Children’s interest, self-efficacy, and curiosity about robots and STEAM were measured before and after the program using a 5-point Likert scale with structured interview questions (Table 2). To help children become familiar with the Likert scale, we presented five circles of different sizes for comparison (Figure 8). Children’s interest in STEAM was measured with two items (i.e., “Are you interested in science, technology, engineering, and/or math?” and “Are you interested in arts?”). Children’s interest was measured by the question, “Is learning about robots fun?”, and self-efficacy was measured by the question, “Are you good at using robots?” (Master et al., 2017). Children’s curiosity measure was measured by the questions, “Do you want to learn about robots?” for the pretest or “Do you want to learn more about robots?” for the posttest, adapted from the Children’s Science Curiosity Scale (Harty and Beall, 1984). Children’s pre- and post-program responses to these questions were analyzed using paired samples t-tests. No significant differences were found (Table 5).

Figure 8

Figure 8. Five circles to help children understand the likert scale.

Table 5

Table 5. Statistics for children’s interest, self-efficacy, and curiosity in robots and STEAM [Mean(SD)].

Teacher interview

After the program, four teachers were interviewed about their attitudes toward using emerging technologies, such as robots, in informal educational settings and their thoughts about the present afterschool program (Table 6). The interview transcripts were analyzed through a qualitative method called thematic analysis, in which the responses were coded and categorized into different themes (Braun and Clarke, 2012). Three researchers were trained to conduct the thematic analysis of the teacher interview results to ensure a systematic approach. First, each interviewee’s sentences were separated into utterances by punctuation. Then, two of the researchers individually coded the utterances and developed themes based on the patterns observed from the transcript and codes. Finally, the third researcher compared each researcher’s themes and decided on the final theme for each utterance to resolve conflicts. The following four themes emerged from the teacher interview data:

Table 6

Table 6. Teacher interview questions.

Theme 1: Children’s positive attitudes toward human-robot interaction

Throughout the program, teachers noticed that children were naturally curious and excited about interacting with robots in the afterschool program. Teachers reported that children expressed a strong desire to interact with robots during the afterschool program such that “all the kids wanted to sign up” and “they are so excited to see y’all at the door”. Children would “ask the teachers all kinds of questions about the program,” “raise hands to answer questions” during the program, and “they are learning while having fun.” In addition, children were reluctant and even upset to leave the class when the session ended or when their parents picked them up early. Teachers mentioned that a few children asked their parents to pick them up later to have more time to interact with the robots, otherwise, they would “throw a tantrum because they want to stay longer” and “they never want to leave.”

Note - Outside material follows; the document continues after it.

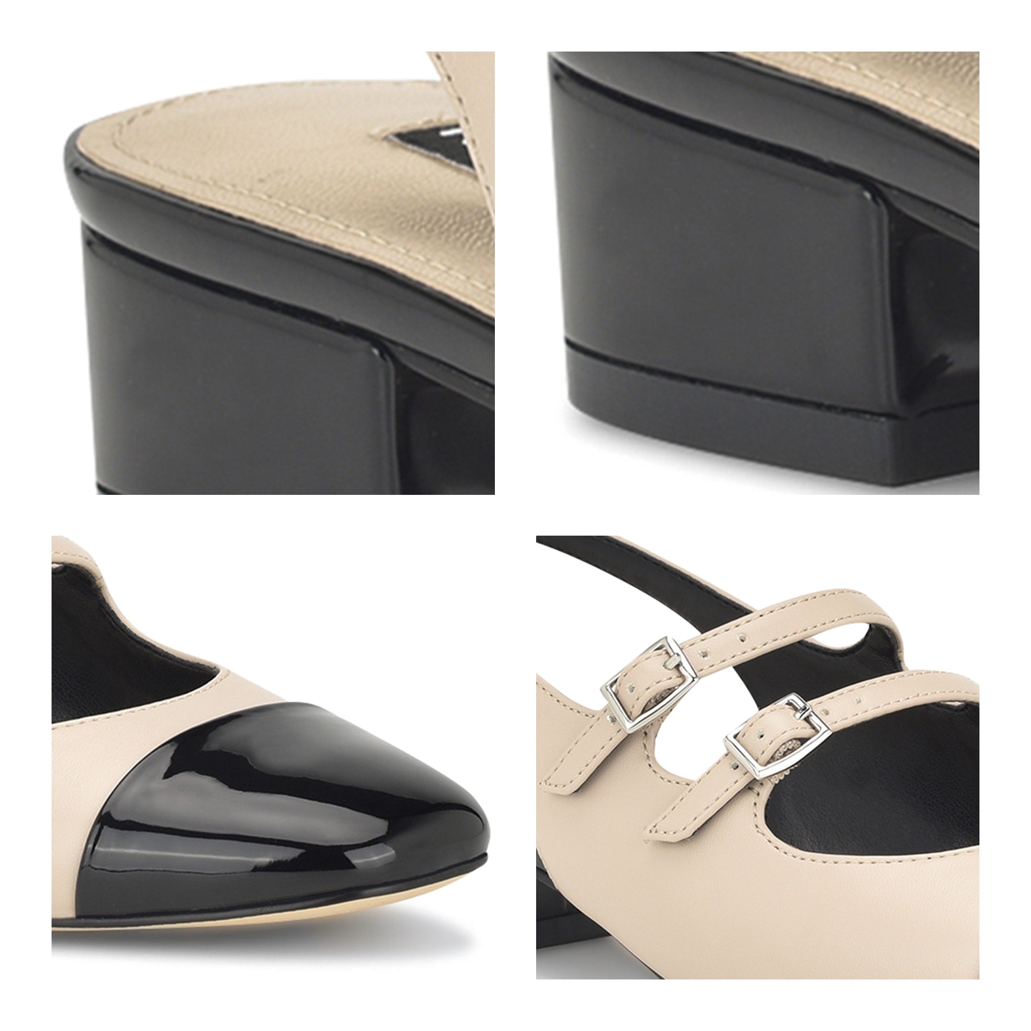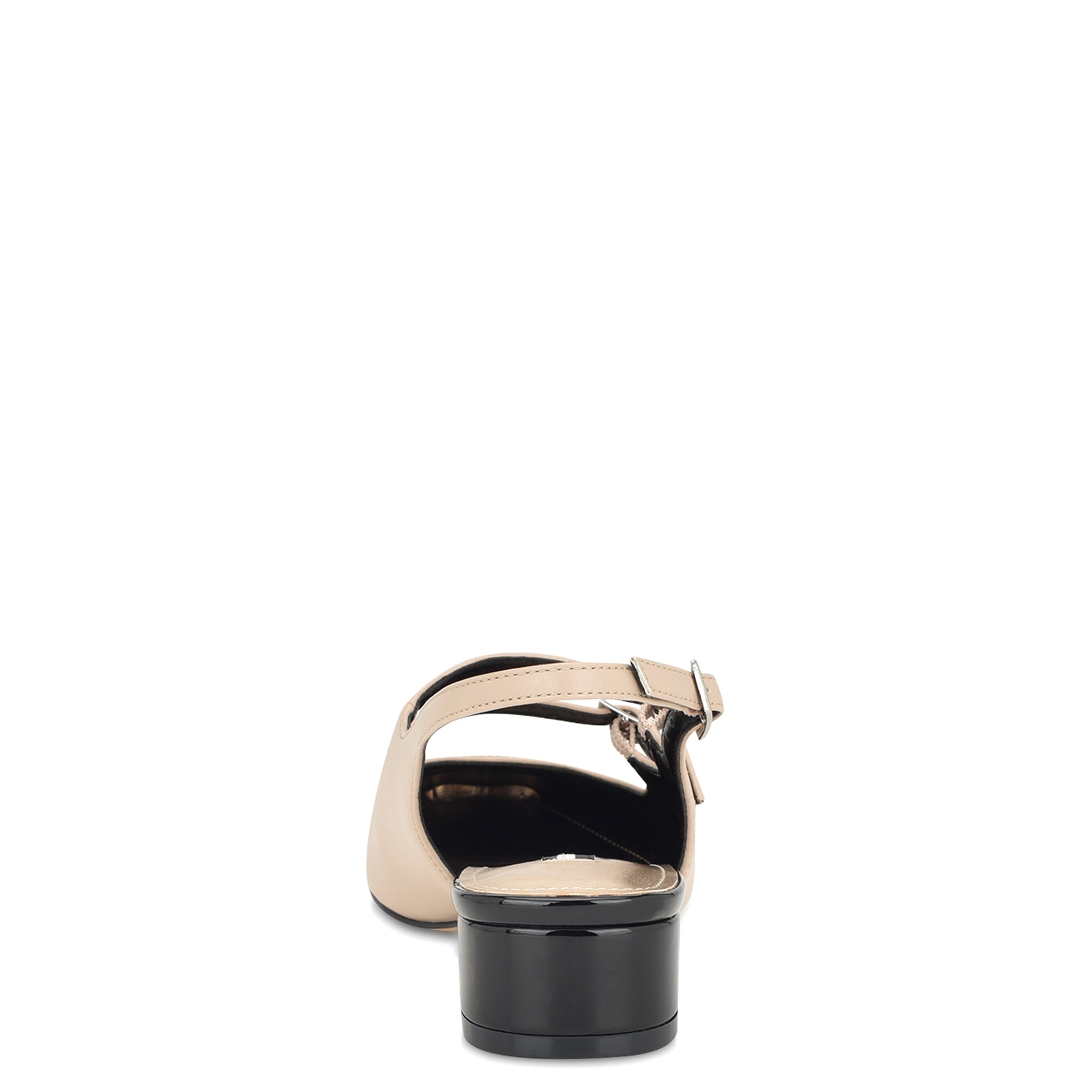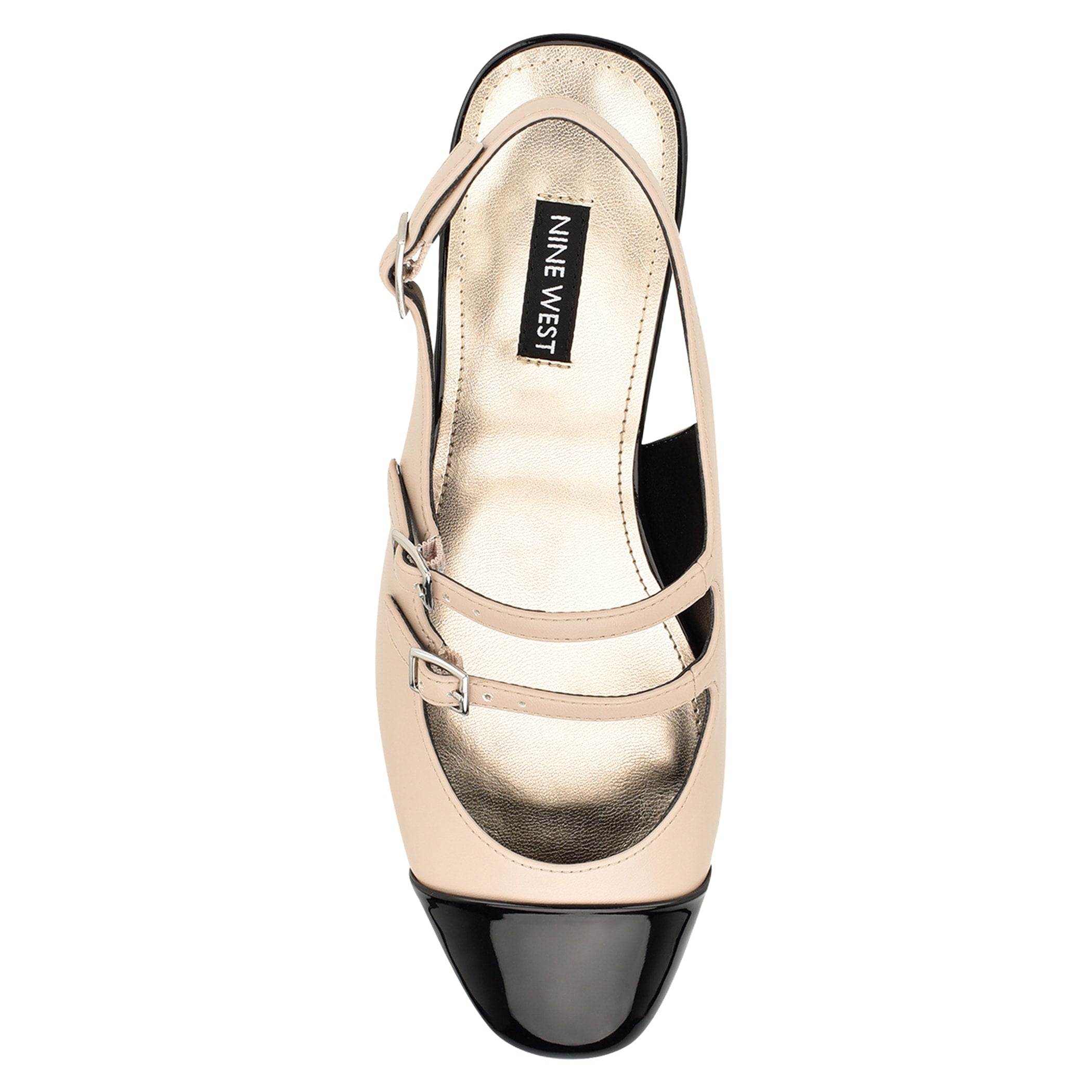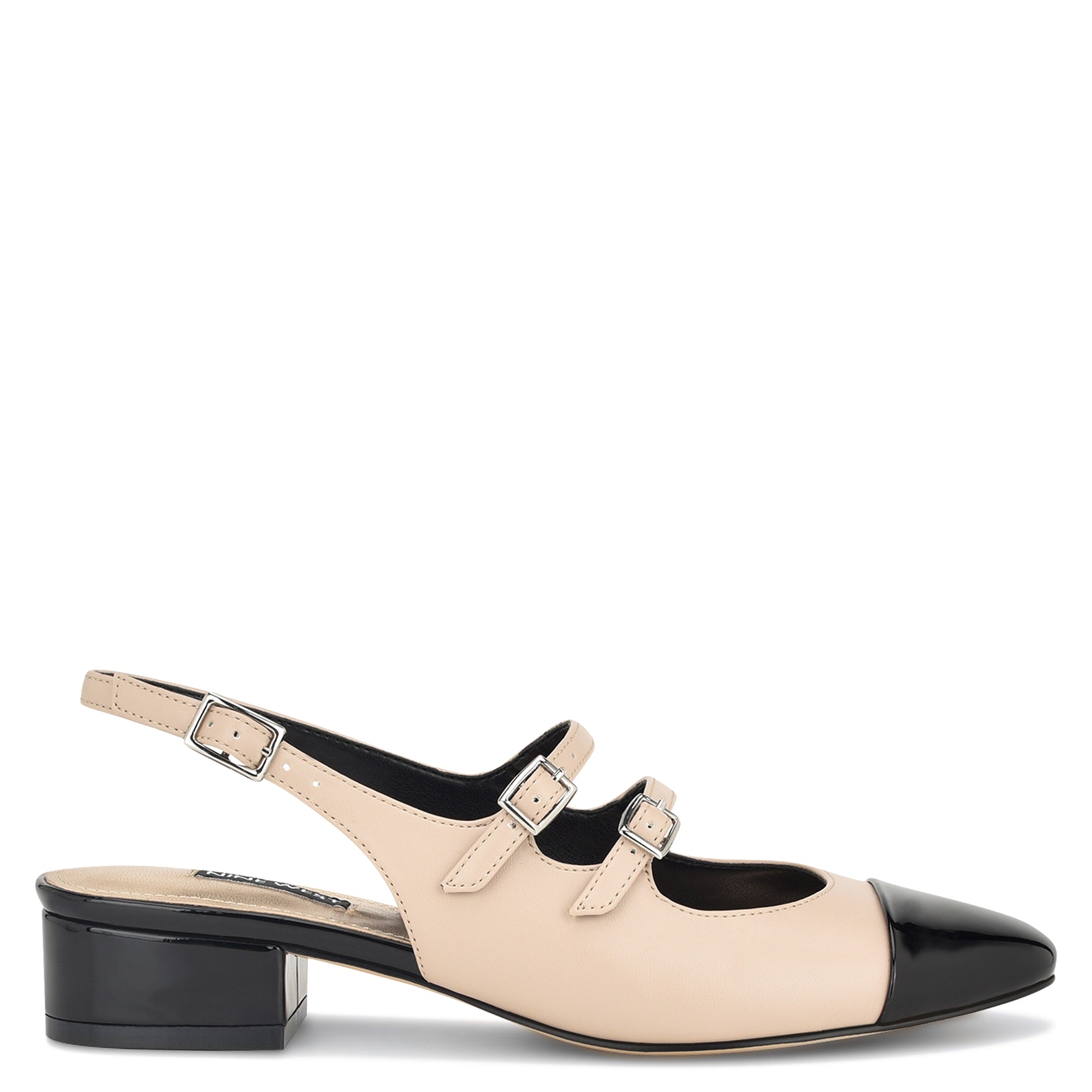 Zapatilla Nine West para mujer elaborado en material sintético con estampado liso, fijación de hebilla, punta redonda, textura lisa, cuña baja y suela sintética.
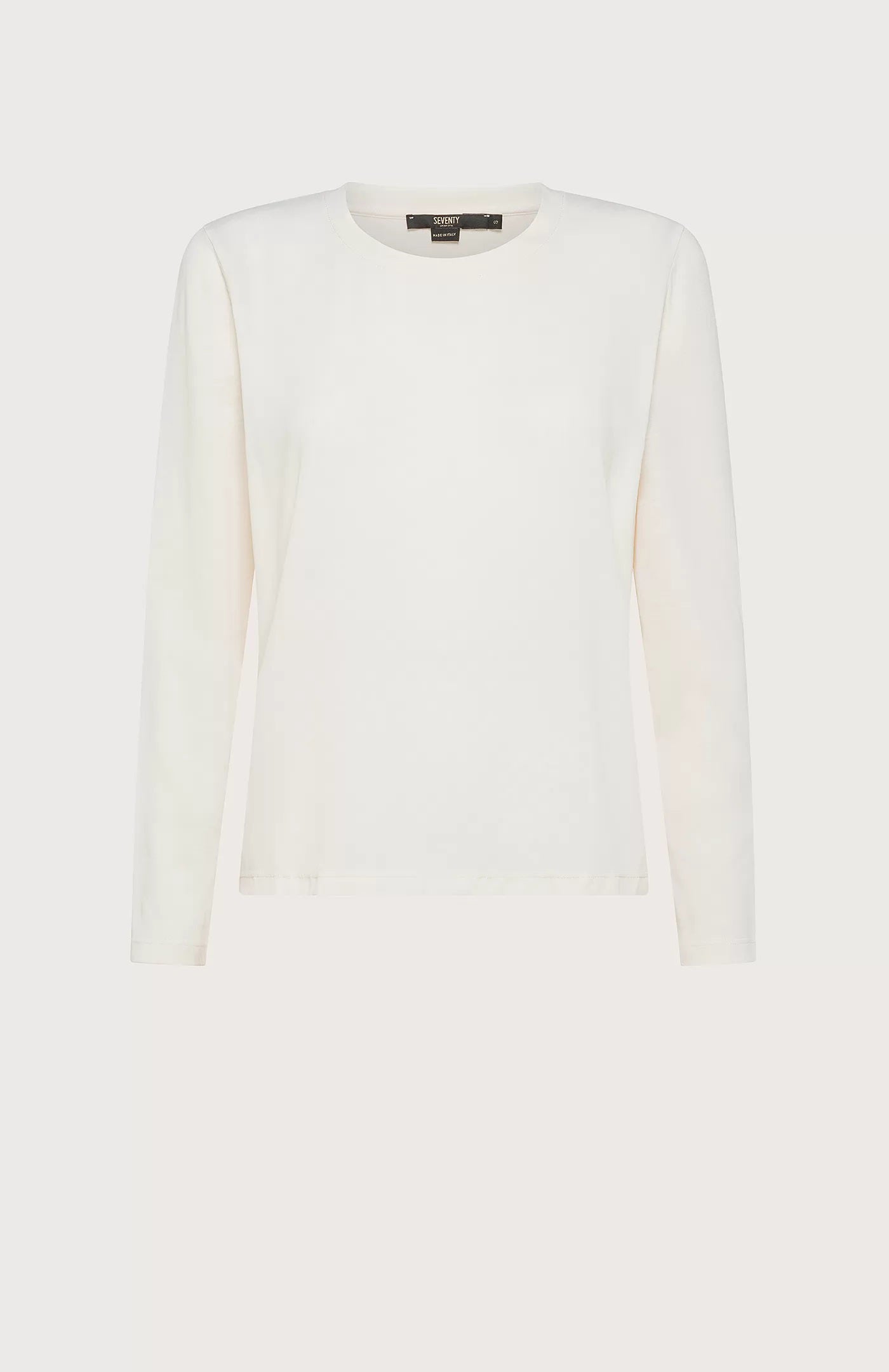 Crew-neck T-shirt with bi-material long sleeves. Silk-blend crepe front and jersey back.

Children’s enthusiasm for the afterschool program was also evident outside of the sessions. Teachers observed that children shared their experiences with their parents, peers, and staff. A teacher noted that one of the parents said, “The program is all the child wants to talk about.” Additionally, teachers mentioned that children shared their learning experiences with them during the day, such as “remembering the story and robots’ names.” Teachers stated that this curiosity would help students develop their creativity and problem-solving skills, while also increasing their familiarity with robots.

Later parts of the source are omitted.